HOW TO COMPLETE THIS TASK >> Below are records; reproduce exactly the lines from the one containing "В Кадетской школе" through the end, both included, and only those.

PROVIDED DATA >>
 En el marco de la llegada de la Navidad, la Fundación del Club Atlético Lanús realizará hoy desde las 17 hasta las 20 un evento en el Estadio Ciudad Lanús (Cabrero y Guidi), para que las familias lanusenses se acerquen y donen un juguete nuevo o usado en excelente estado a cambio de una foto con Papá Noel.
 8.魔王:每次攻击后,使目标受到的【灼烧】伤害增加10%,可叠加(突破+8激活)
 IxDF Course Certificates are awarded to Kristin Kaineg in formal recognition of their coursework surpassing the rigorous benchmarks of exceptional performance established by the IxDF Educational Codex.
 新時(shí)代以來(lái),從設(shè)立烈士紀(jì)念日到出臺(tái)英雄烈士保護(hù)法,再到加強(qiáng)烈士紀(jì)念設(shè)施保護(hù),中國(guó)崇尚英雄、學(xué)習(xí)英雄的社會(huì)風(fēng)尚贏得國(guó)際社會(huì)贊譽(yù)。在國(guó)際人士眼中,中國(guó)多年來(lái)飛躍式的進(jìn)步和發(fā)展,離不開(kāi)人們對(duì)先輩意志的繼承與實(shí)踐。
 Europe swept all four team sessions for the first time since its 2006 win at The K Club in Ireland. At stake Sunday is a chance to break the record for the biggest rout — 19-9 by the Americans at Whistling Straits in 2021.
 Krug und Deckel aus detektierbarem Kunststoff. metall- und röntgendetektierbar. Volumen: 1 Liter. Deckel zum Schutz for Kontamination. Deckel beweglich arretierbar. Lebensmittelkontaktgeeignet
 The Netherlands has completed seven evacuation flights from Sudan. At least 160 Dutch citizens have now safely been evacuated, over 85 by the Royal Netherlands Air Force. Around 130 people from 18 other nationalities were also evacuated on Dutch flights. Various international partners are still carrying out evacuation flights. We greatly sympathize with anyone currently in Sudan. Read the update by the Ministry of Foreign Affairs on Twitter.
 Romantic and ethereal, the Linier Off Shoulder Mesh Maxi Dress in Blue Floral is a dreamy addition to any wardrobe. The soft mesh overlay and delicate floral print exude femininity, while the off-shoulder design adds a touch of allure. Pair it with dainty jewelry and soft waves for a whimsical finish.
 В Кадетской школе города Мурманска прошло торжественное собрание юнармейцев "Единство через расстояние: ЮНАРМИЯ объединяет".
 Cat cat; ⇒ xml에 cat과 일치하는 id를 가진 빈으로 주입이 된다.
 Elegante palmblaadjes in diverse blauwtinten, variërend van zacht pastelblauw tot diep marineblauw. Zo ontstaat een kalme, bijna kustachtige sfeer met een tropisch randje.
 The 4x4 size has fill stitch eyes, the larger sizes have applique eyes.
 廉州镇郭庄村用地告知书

PROBLEM SOLUTION >>
 В Кадетской школе города Мурманска прошло торжественное собрание юнармейцев "Единство через расстояние: ЮНАРМИЯ объединяет".
 Cat cat; ⇒ xml에 cat과 일치하는 id를 가진 빈으로 주입이 된다.
 Elegante palmblaadjes in diverse blauwtinten, variërend van zacht pastelblauw tot diep marineblauw. Zo ontstaat een kalme, bijna kustachtige sfeer met een tropisch randje.
 The 4x4 size has fill stitch eyes, the larger sizes have applique eyes.
 廉州镇郭庄村用地告知书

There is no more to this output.